En el mes de marzo, oficiales de inmigración de Estados Unidos aprehendieron más de 172 mil individuos en la frontera entre Estados Unidos y México. La mayoría de ellos provinieron de Centroamérica, Guatemala, Honduras o El Salvador, específicamente, con la esperanza de lograr el estatus de refugiados. En promedio, sólo aproximadamente 1 de cada 4 solicitantes de asilo tiene éxito.

Aunque esas almas desesperadas merecen la oportunidad de defender su caso.  Aunque en muchas instancias, agentes de la Patrulla Fronteriza simplemente regresan a las familias a México.  En otras ocasiones, los probables refugiados son liberados en Estados Unidos sin que les den una notificación para que comparezcan ante un juez de inmigración.

Toda la situación es un caos, y la culpa de eso es mayormente de Biden. Para los demócratas que desean limpiar el desastre, éste sería un consejo útil:

En lo concerniente a los inmigrantes y refugiados, nunca, repito, nunca, es buena idea imitar al ex presidente Donald Trump.

¿Los demócratas se inspirarán en Dixiecrat y en el ex gobernador de Alabama George Wallace para formular la política sobre derechos civiles?

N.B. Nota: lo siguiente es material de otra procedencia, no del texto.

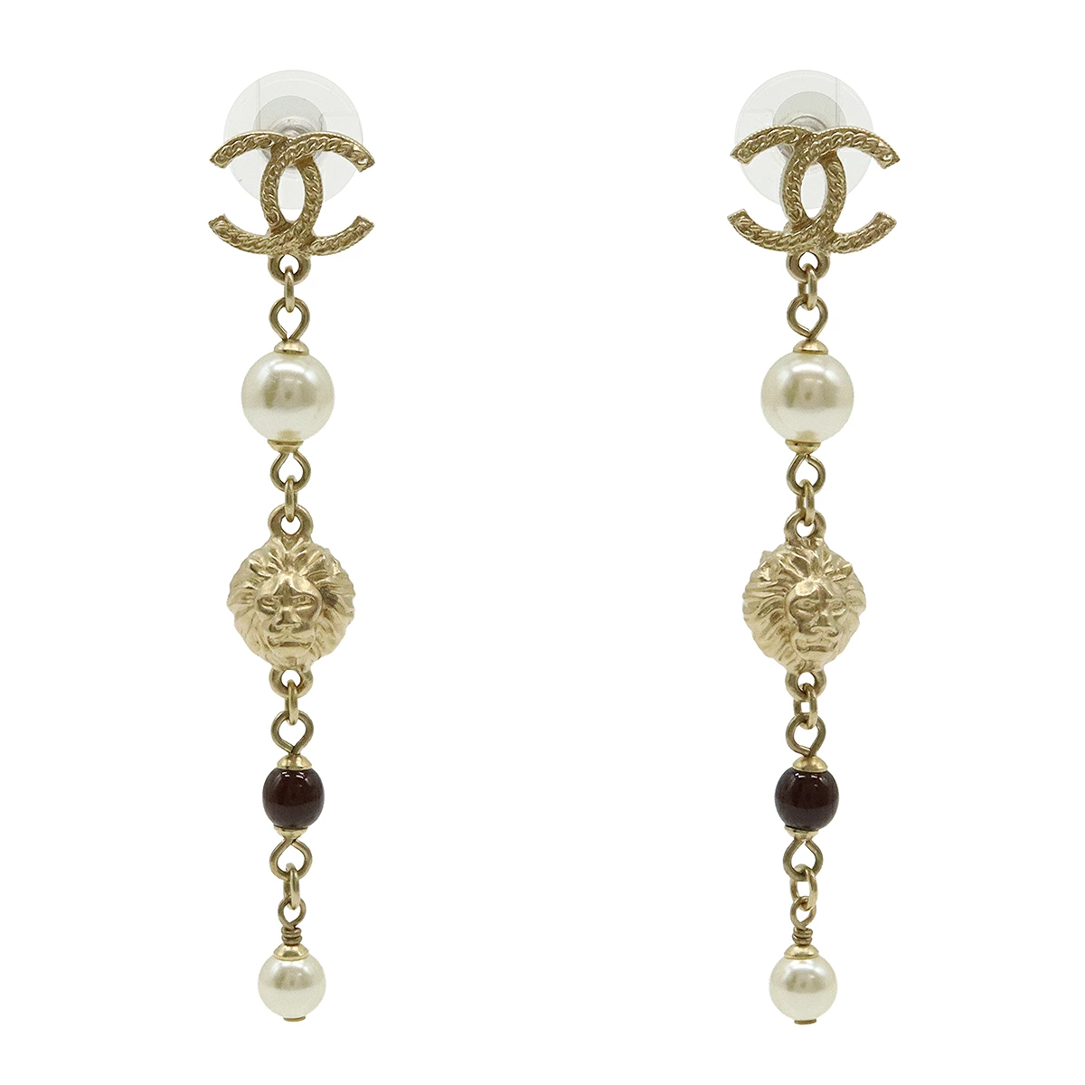 パールやライオンヘッドが耳元で揺れる上品なデザイン。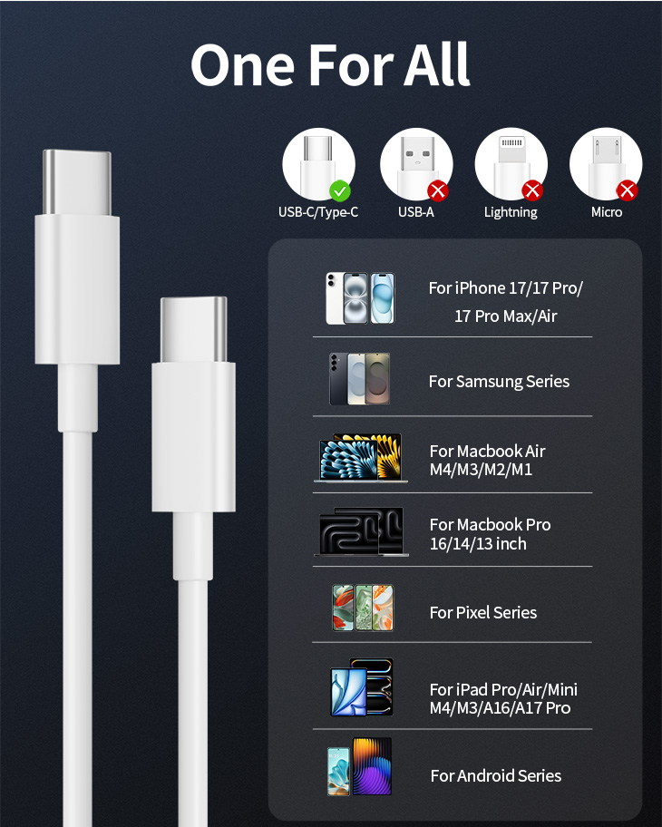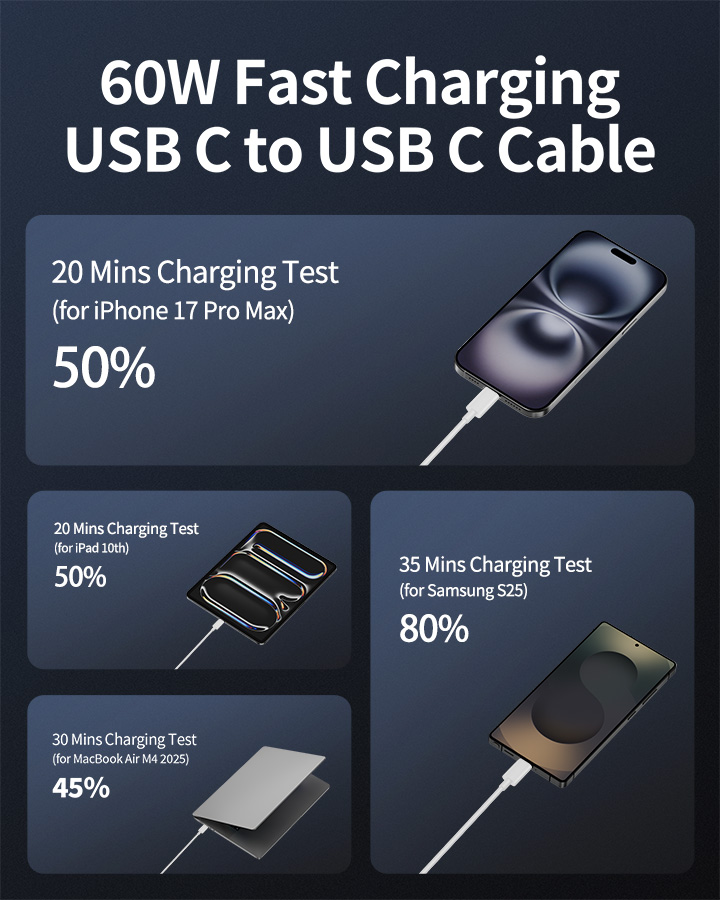 Amazon Launch Day:2025-06-30 60W Fast Charging for iPhone 17: JUNVANG USB C cable provides high-speed charging of up to 60W Max (3A/20V) for most all USB-C devices, and support 480Mbps data sync transfer speed. Charge for iPhone 17 up to 50% and iPad 10th up to 50% in just 20 minutes, help you work efficiently 10FT Long iPhone 17 Charger Cord: 10-Foot length design, convenient for you to charge from a distance on the sofa, in the office, or on the go. Type C charger cord adopting premium wire cores and shielding layer design to enhance anti-interference ability, making charging and data transfer more stable Universal Compatibility: USB C to USB C Cable compatible with iPhone 17/17 Pro/17 Pro Max/Air 2025/16/16 Pro/16 Plus/16 Pro Max/15/15 Pro/15 Plus/15 Pro Max/16e, iPad Pro 13/12.9/11 inch, iPad Air 13/11 inch M3/M2, iPad Air 5th/4th Generation, iPad A16/10th, iPad Mini A17 Pro/6th, MacBook Air/Pro, Samsung Galaxy S25/S24/S23/S22, Google Pixel 9/8/7/6, Moto, LG, Tablet, Android, and more Sturdy & Durability: Built-in laser welding technology ensures that the metal parts are not prone to breakage. The longer mesh tail anti-breakage design enhances the durability of the USB C cord. With 25,000+ times bending test, flexible and durable TPE cable has a longer service life What You Get: 2-Pack 60W 10FT USB-C to USB-C Cable Fast Charger Cord, 2-Year Replacement. Compatible with 20W/40W/45W/60W/100W USB-C Power Adapter (Adapter not included). Note: If you encounter problems with the cable function, please try reverse USB-C plug and try again

Aunque la semana pasada, Biden se puso muy Trumpiano cuando, al romper su propia promesa de campaña para incrementar el tope anual de refugiados a 125 mil o más en contraste con la patética cifra de 15 mil que instituyó el presidente número 45, Biden comentó que la cifra de Trump “sigue siendo justificada”.

La reacción fue rápida.

“Esto es totalmente inaceptable. Biden prometió recibir a los inmigrantes y las personas votaron por él en base a esa promesa”, comentó en un tweet la representante Alexandria Ocasio Cortez.   “Mantener las políticas xenofóbicas y racistas de la administración Trump, incluyendo el históricamente bajo tope de refugiados está completamente mal. Cumpla su promesa”.

Eso dejó una marca, en unas cuantas horas, la Casa Blanca mostró indicios de que Biden iba a revertir su postura nuevamente e incrementó el tope de refugiados a un número no especificado que dará a conocer el 15 de mayo.

Es triste que las políticas oficiales de Estados Unidos se decidan en base a quién se está consintiendo y si consideran a los inmigrantes como una amenaza o como los describió recientemente el ex presidente George W. Bush, “un bien definitivo para Estados Unidos”.

Biden cree que puede hablarle a los dos grupos. Pero en realidad, habla con rodeos.

Como nieto de un inmigrante mexicano que llegó aquí durante la Revolución Mexicana, legalmente, justo al igual que muchos de nuestros padres y abuelos, debido a que mayormente uno no podía llegar ilegalmente hasta después de 1924. Estoy de acuerdo con Bush y otros que consideran la inmigración como un bien.

Yo iría más lejos. El hecho es que este país tiene la habilidad para transformarse y aceptar lo que desecha el mundo, lo que la poeta Emma Lazarus describió como “los desdichados rechazados”, y con una varita mágica los convierte en oro.

Esta no es sólo la mejor política de Estados Unidos, sino es todo el punto de vista de Estados Unidos.